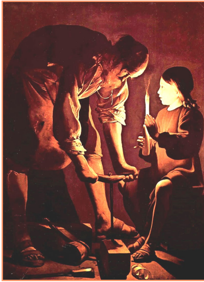
Joseph the Carpenter Georges de La Tour, c. 1645

Whether it's baking a pie or designing a new reconciliation chapel, I have a basic need to make things. My hobbies — model trains, painting and my aquarium — are often the primary outlet for this drive. The trouble is that most of my daily work is largely invisible. After Sunday liturgy or a counseling session, there is little to show for my hours of preparation, years of study and the cooperation of others. When I was writing my dissertation, there was often so little visible to account for my efforts that I would go downstairs and bake a cake so I could see the physical results of my labor.
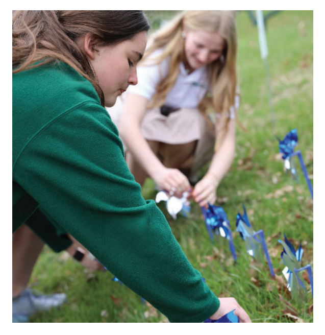
On March 13, SCRUBS members place blue pinwheels on the front lawn of Owensboro Catholic High School in recognition of upcoming Child Abuse Prevention Month, which takes place in April.
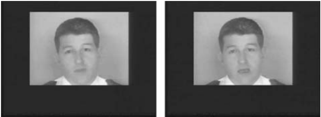
Fig. 1. Examples of the static images used for matching in Experiment 3.

static; static & non-rigid, rigid & rigid; rigid & static; static & rigid; static & static. Thus, there were seven conditions with 8 trials per condition, for both the same and different trials ( 7 \times 8 \times 2 = 112 trials).
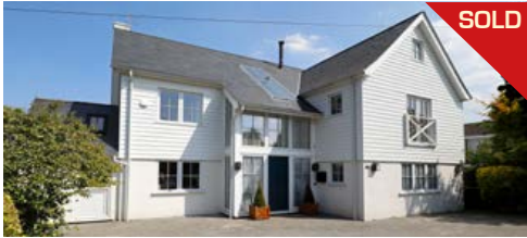
Seymour Road, Wimbledon £3,250,000
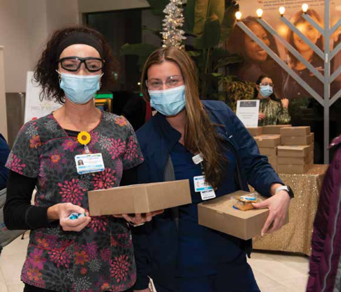
TOP PHOTO: Members of the MMC Frontline team pick up dinner and dessert to go
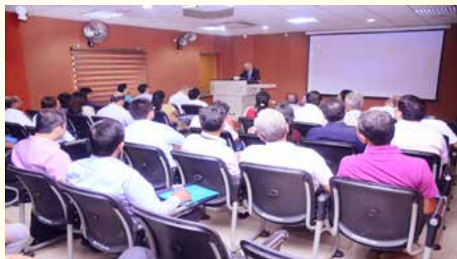
Participants at the meeting at Patna Extension Centre

Kolkata and inaugurating Patna Extension Centre in the Campus of NIT, Patna. He mentioned that with the extension centre at NIT, Patna, the students of
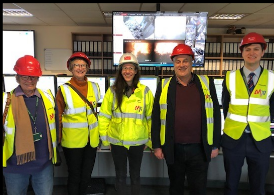
Plymouth Energy from Waste Visit

Responded to public concern over 5G and established a spotlight review, already hearing from 1300 survey responses and 150 people in person.
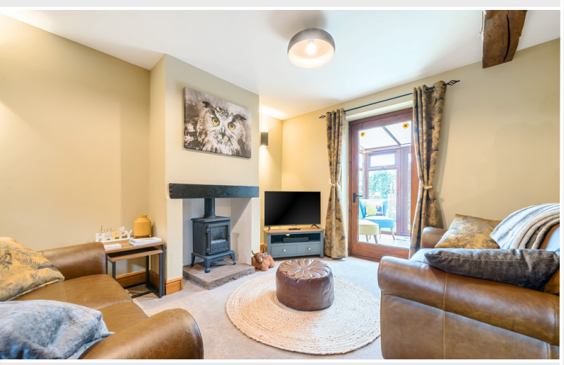
Living / Dining Room
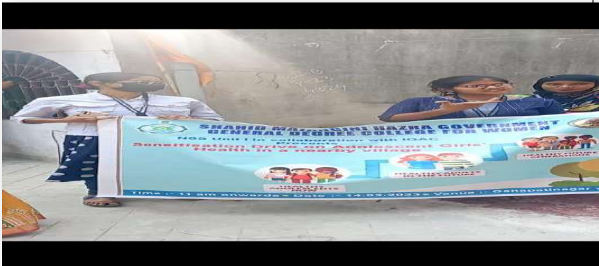
Photograph of Extension Activity on a Sensitisation Drive on Adolescent Girls' Health Place: Ganapatnagar Village Date.: 14.03.2023
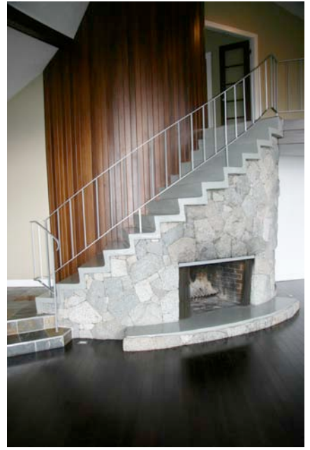
Granite fireplace with concrete stairs above
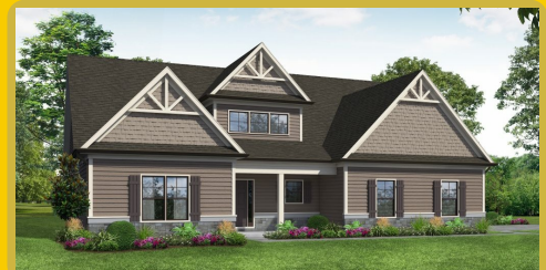
WINFIELD B Base Price: $649,500 3,071 sqft 5 Beds 3.5 Baths

════════

* _Task_
Write out the records above in full and exactly, with no pictures.

* _Answer for this exercise_
Joseph the Carpenter Georges de La Tour, c. 1645

Whether it's baking a pie or designing a new reconciliation chapel, I have a basic need to make things. My hobbies — model trains, painting and my aquarium — are often the primary outlet for this drive. The trouble is that most of my daily work is largely invisible. After Sunday liturgy or a counseling session, there is little to show for my hours of preparation, years of study and the cooperation of others. When I was writing my dissertation, there was often so little visible to account for my efforts that I would go downstairs and bake a cake so I could see the physical results of my labor.
On March 13, SCRUBS members place blue pinwheels on the front lawn of Owensboro Catholic High School in recognition of upcoming Child Abuse Prevention Month, which takes place in April.
Fig. 1. Examples of the static images used for matching in Experiment 3.

static; static & non-rigid, rigid & rigid; rigid & static; static & rigid; static & static. Thus, there were seven conditions with 8 trials per condition, for both the same and different trials ( 7 \times 8 \times 2 = 112 trials).
Seymour Road, Wimbledon £3,250,000
TOP PHOTO: Members of the MMC Frontline team pick up dinner and dessert to go
Participants at the meeting at Patna Extension Centre

Kolkata and inaugurating Patna Extension Centre in the Campus of NIT, Patna. He mentioned that with the extension centre at NIT, Patna, the students of
Plymouth Energy from Waste Visit

Responded to public concern over 5G and established a spotlight review, already hearing from 1300 survey responses and 150 people in person.
Living / Dining Room
Photograph of Extension Activity on a Sensitisation Drive on Adolescent Girls' Health Place: Ganapatnagar Village Date.: 14.03.2023
Granite fireplace with concrete stairs above
WINFIELD B Base Price: $649,500 3,071 sqft 5 Beds 3.5 Baths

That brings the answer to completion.